Stored data:
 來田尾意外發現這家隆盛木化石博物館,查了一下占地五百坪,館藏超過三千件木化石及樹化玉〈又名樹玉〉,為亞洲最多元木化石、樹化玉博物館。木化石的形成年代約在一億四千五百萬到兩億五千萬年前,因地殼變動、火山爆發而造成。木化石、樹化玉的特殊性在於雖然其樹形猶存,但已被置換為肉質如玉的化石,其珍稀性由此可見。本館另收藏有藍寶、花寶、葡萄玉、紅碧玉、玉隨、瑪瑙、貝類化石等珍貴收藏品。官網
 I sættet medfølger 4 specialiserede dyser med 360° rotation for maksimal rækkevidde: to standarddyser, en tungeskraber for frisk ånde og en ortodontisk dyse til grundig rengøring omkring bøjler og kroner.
--
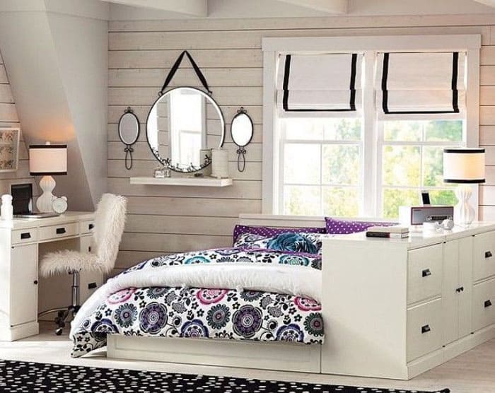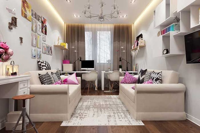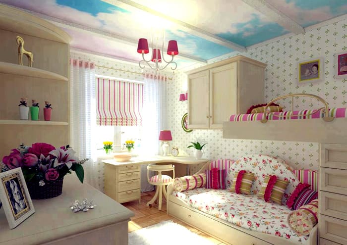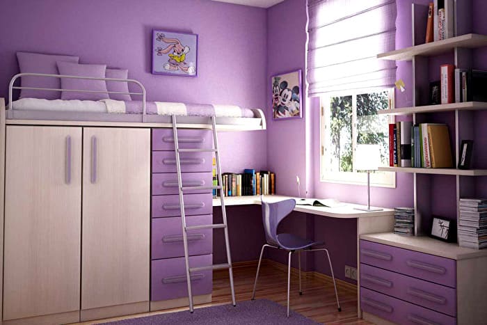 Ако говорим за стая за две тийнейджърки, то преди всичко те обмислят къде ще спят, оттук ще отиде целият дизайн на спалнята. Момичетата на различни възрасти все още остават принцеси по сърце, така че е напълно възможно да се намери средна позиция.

Requirement: Scan the entries above for the line containing "來田尾意外發現這家隆盛木化石", and copy it and all lines after it exactly, down to and including the line containing "I sættet medfølger".

Result of the exercise:
 來田尾意外發現這家隆盛木化石博物館,查了一下占地五百坪,館藏超過三千件木化石及樹化玉〈又名樹玉〉,為亞洲最多元木化石、樹化玉博物館。木化石的形成年代約在一億四千五百萬到兩億五千萬年前,因地殼變動、火山爆發而造成。木化石、樹化玉的特殊性在於雖然其樹形猶存,但已被置換為肉質如玉的化石,其珍稀性由此可見。本館另收藏有藍寶、花寶、葡萄玉、紅碧玉、玉隨、瑪瑙、貝類化石等珍貴收藏品。官網
 I sættet medfølger 4 specialiserede dyser med 360° rotation for maksimal rækkevidde: to standarddyser, en tungeskraber for frisk ånde og en ortodontisk dyse til grundig rengøring omkring bøjler og kroner.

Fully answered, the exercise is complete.